== WORK INSTRUCTION ==
Your answer must be only the lines below from the one containing "Logarithmic scaled bitcoin" through the one containing "Στο Ζάππειο πραγματοποιείται", copied exactly, with the pictures left out.

== DATA IN THIS EXERCISE ==
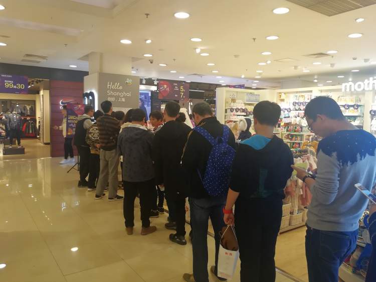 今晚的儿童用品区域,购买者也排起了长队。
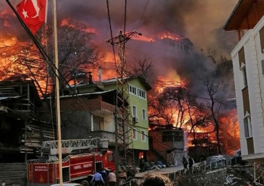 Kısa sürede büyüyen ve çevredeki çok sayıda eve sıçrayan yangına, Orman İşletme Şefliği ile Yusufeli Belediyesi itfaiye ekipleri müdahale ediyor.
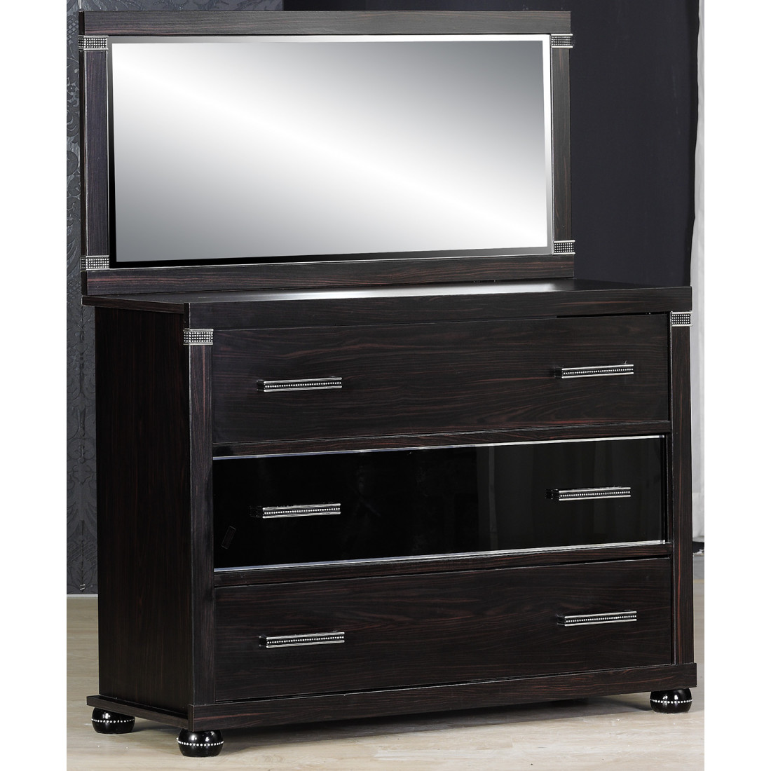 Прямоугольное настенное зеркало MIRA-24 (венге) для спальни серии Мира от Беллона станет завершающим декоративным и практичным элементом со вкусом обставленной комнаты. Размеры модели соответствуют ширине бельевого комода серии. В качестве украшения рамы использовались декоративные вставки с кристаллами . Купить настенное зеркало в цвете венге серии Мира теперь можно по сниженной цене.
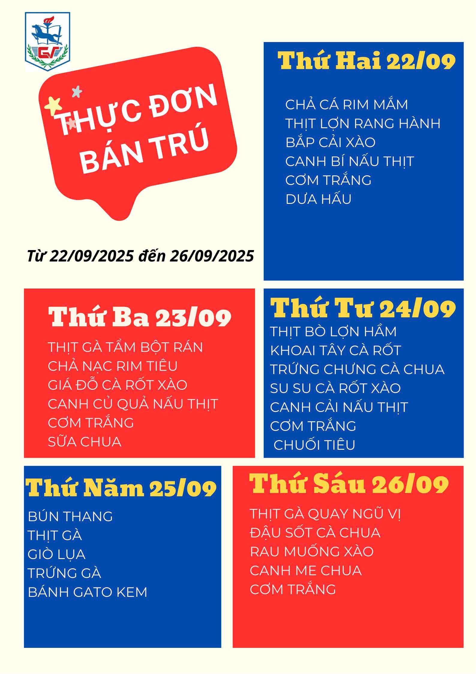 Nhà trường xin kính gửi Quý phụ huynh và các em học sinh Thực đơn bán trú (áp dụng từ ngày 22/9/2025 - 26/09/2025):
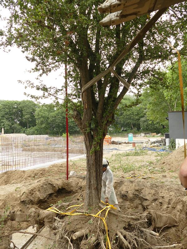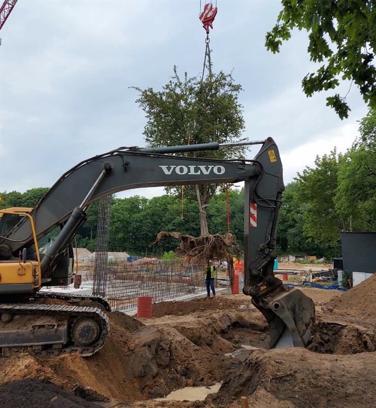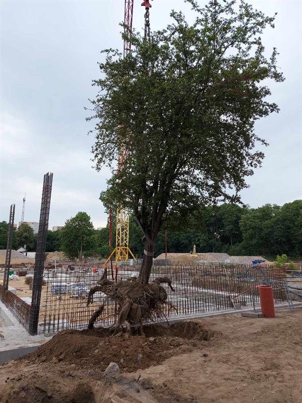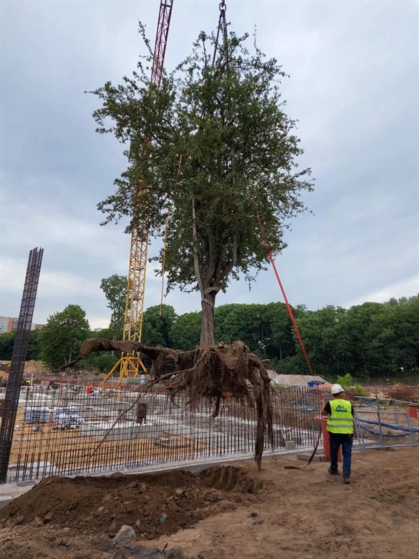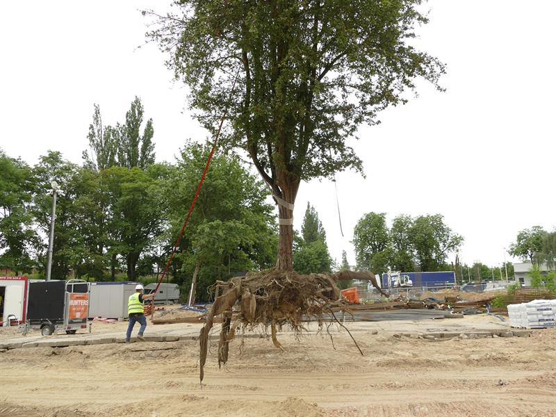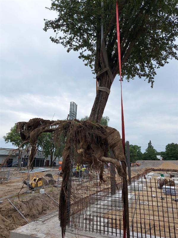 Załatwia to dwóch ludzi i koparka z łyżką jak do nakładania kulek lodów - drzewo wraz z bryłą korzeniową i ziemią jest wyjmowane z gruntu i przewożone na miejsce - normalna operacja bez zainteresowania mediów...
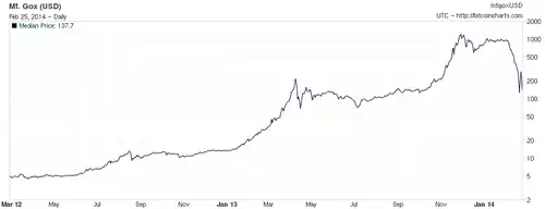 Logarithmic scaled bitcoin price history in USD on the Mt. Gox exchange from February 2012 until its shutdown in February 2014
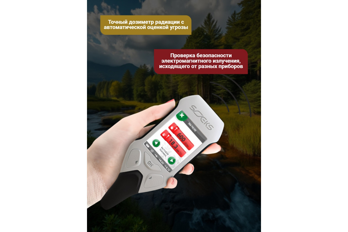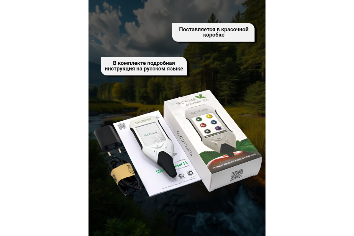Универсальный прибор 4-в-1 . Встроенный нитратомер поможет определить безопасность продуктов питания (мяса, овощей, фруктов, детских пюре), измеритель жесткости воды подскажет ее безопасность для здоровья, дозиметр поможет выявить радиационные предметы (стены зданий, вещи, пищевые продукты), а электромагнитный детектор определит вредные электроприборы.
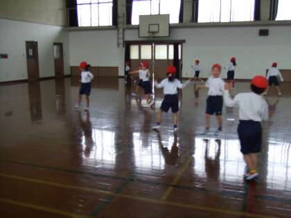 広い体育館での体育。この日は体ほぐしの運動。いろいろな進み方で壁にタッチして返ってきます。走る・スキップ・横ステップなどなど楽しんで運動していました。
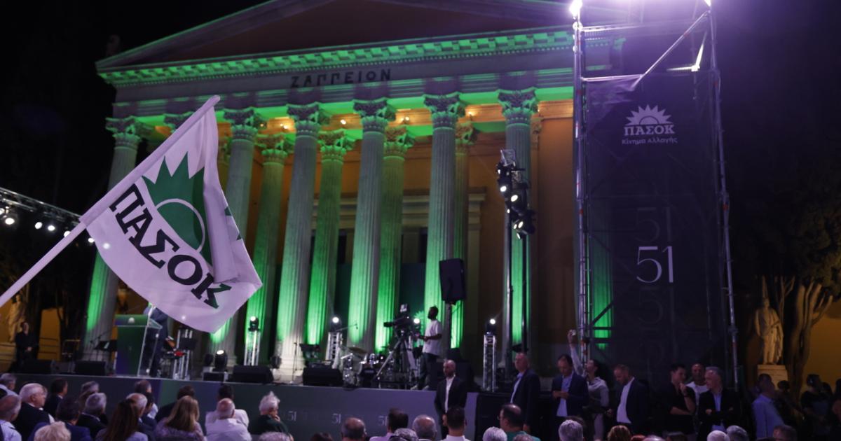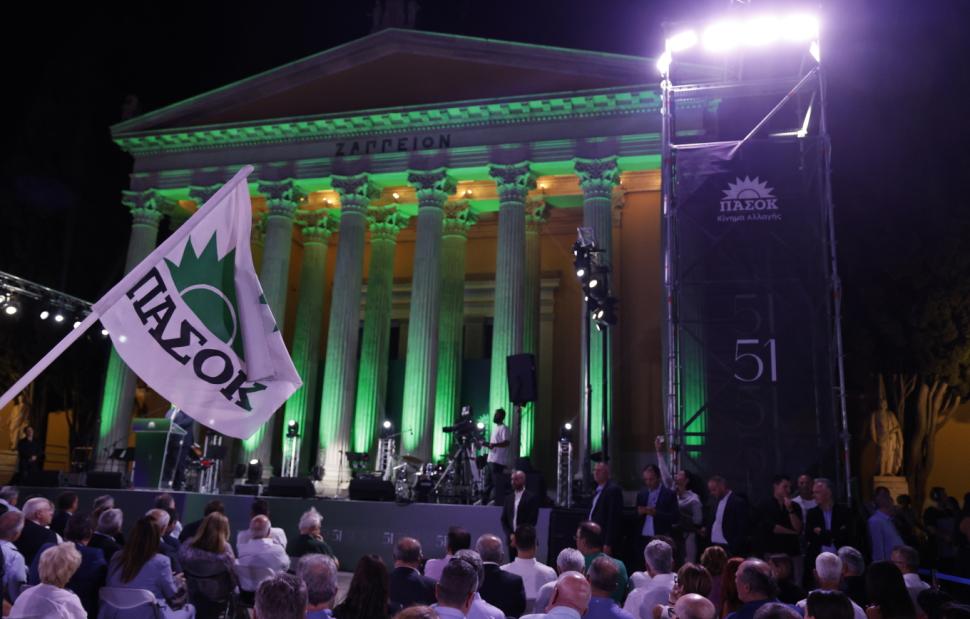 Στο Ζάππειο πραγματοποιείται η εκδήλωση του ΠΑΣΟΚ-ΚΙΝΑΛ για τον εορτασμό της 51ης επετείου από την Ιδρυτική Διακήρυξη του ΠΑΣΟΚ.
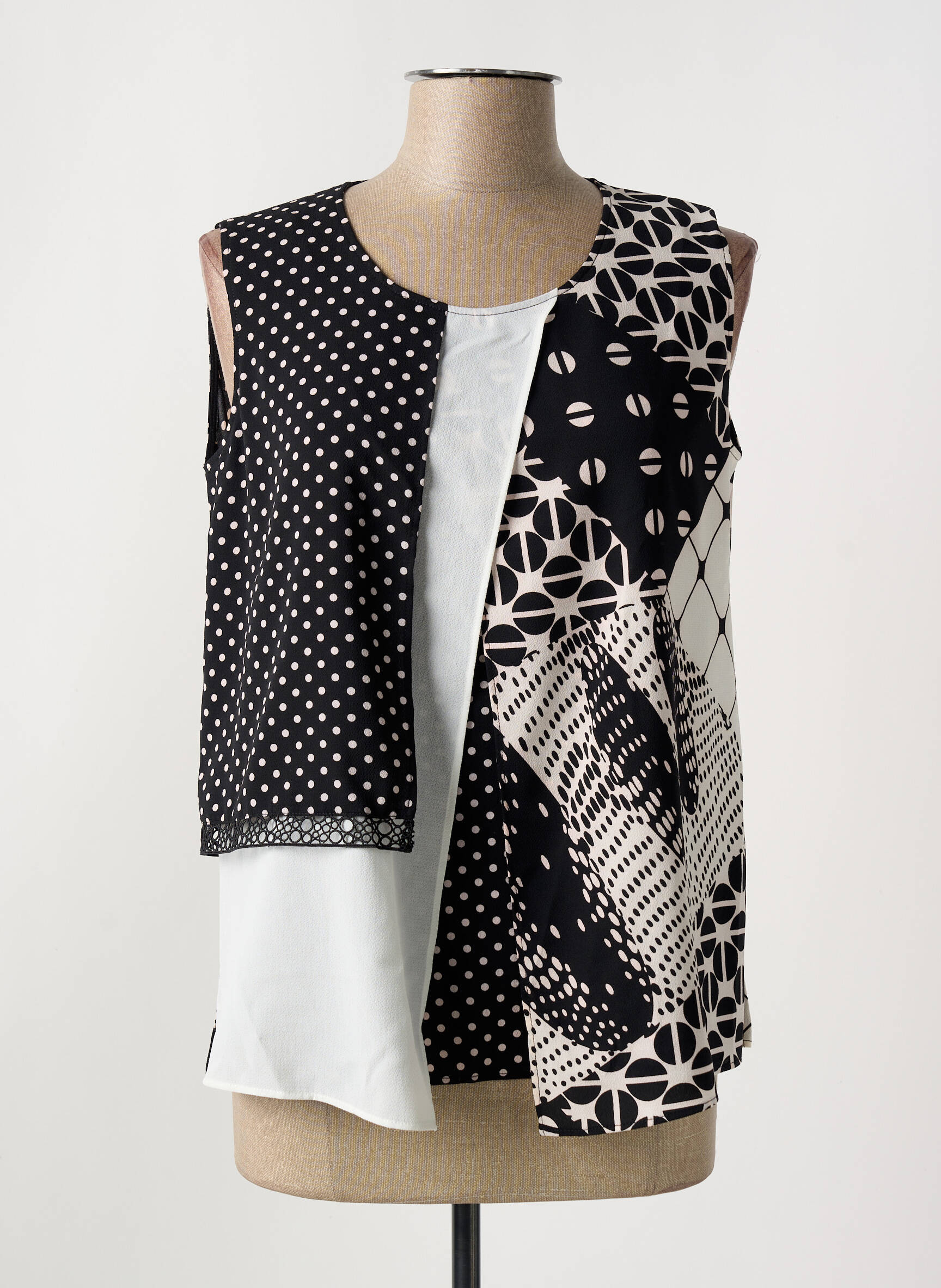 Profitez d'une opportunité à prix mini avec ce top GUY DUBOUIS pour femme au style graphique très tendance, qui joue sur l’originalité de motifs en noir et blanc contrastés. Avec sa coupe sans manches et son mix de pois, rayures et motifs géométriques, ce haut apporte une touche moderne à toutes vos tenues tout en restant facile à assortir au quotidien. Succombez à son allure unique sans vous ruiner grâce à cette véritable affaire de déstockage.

== YOUR SOLUTION ==
 Logarithmic scaled bitcoin price history in USD on the Mt. Gox exchange from February 2012 until its shutdown in February 2014
Универсальный прибор 4-в-1 . Встроенный нитратомер поможет определить безопасность продуктов питания (мяса, овощей, фруктов, детских пюре), измеритель жесткости воды подскажет ее безопасность для здоровья, дозиметр поможет выявить радиационные предметы (стены зданий, вещи, пищевые продукты), а электромагнитный детектор определит вредные электроприборы.
 広い体育館での体育。この日は体ほぐしの運動。いろいろな進み方で壁にタッチして返ってきます。走る・スキップ・横ステップなどなど楽しんで運動していました。
 Στο Ζάππειο πραγματοποιείται η εκδήλωση του ΠΑΣΟΚ-ΚΙΝΑΛ για τον εορτασμό της 51ης επετείου από την Ιδρυτική Διακήρυξη του ΠΑΣΟΚ.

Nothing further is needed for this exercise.